Justamente, Facebook es una de las vías más usadas como promoción del canal online. Así lo entienden desde Koxis, que elige la red social fundada por Mark Zuckerberg como plataforma publicitaria. Con 15 locales, la empresa apostó al e-commerce hace dos años, para lo que debió invertir $ 50.000. Por el momento, las ventas representan menos del 5% del total.

Las marcas que ya se sumaron a esta movida coinciden en que una de las ventajas del online es poder llegar a ciudades donde no tienen presencia directa. Fue el caso de Muaa, que, con 85 locales y presencia a través de 300 multimarca, desarrolló hace tres años, tras desembolsar $ 50.000, su carro de compras. Hoy, el 70% de las ventas virtuales (que representan un 3% de la facturación total) vienen de ciudades del interior, como Río Hondo y Caleta Olivia. “Podemos vender en todos los lugares donde haya una computadora con Internet”, se jacta Romina Pesenti, jefa de Planificación Estratégica de Muaa.

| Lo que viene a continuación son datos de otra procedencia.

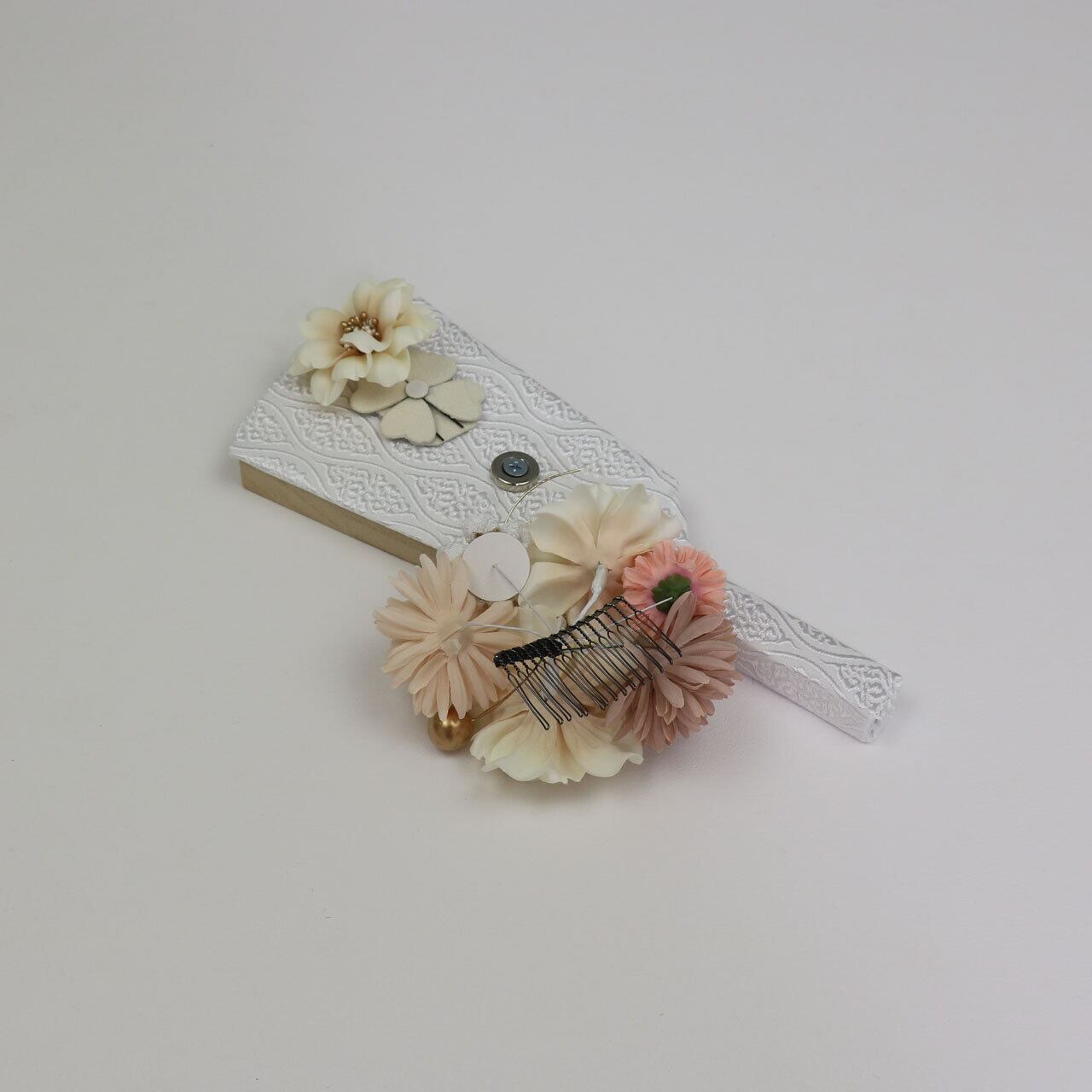 ホワイトを基調にした新感覚な色合いで、白色のお花をあしらったデザインが特徴です。
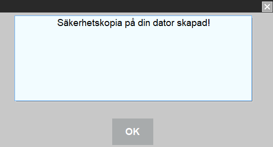 När säkerhetskopian är skapad meddelas detta på skärmen.
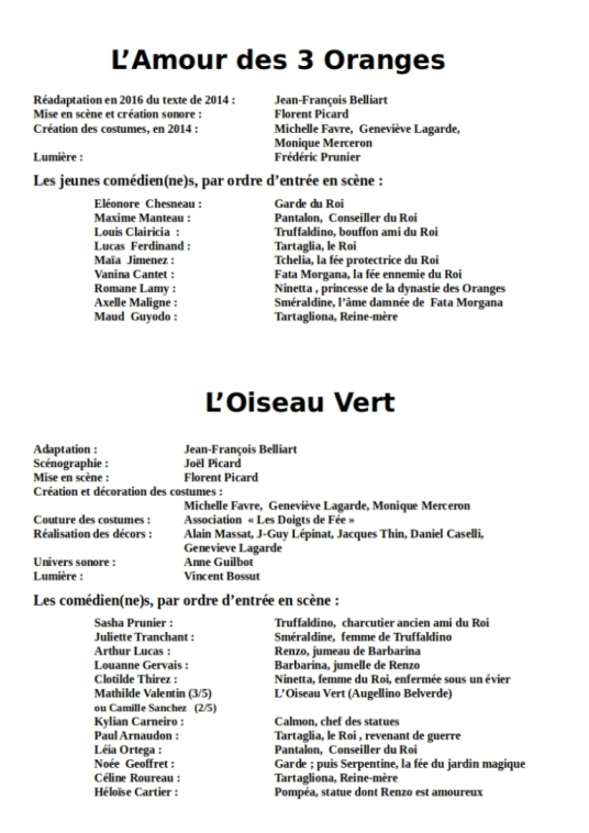 2 comédies féériques de Gozzi,

El argumento es compartido por Paula Fiedler, creadora de Sieben: “Estar online nos permite llegar a más clientes, tanto minoristas como mayoristas”. La página dispone de venta en castellano e inglés, para el mercado minorista, con la posibilidad de realizar envíos al exterior. Y ofrece una sección de acreditación autorizada para acceder a la venta mayorista, con información de la curva de talles y variantes de color así como la posibilidad de realizar un pedido online. El desarrollo de la plataforma, entre activación de redes y site, demandó $ 15.000.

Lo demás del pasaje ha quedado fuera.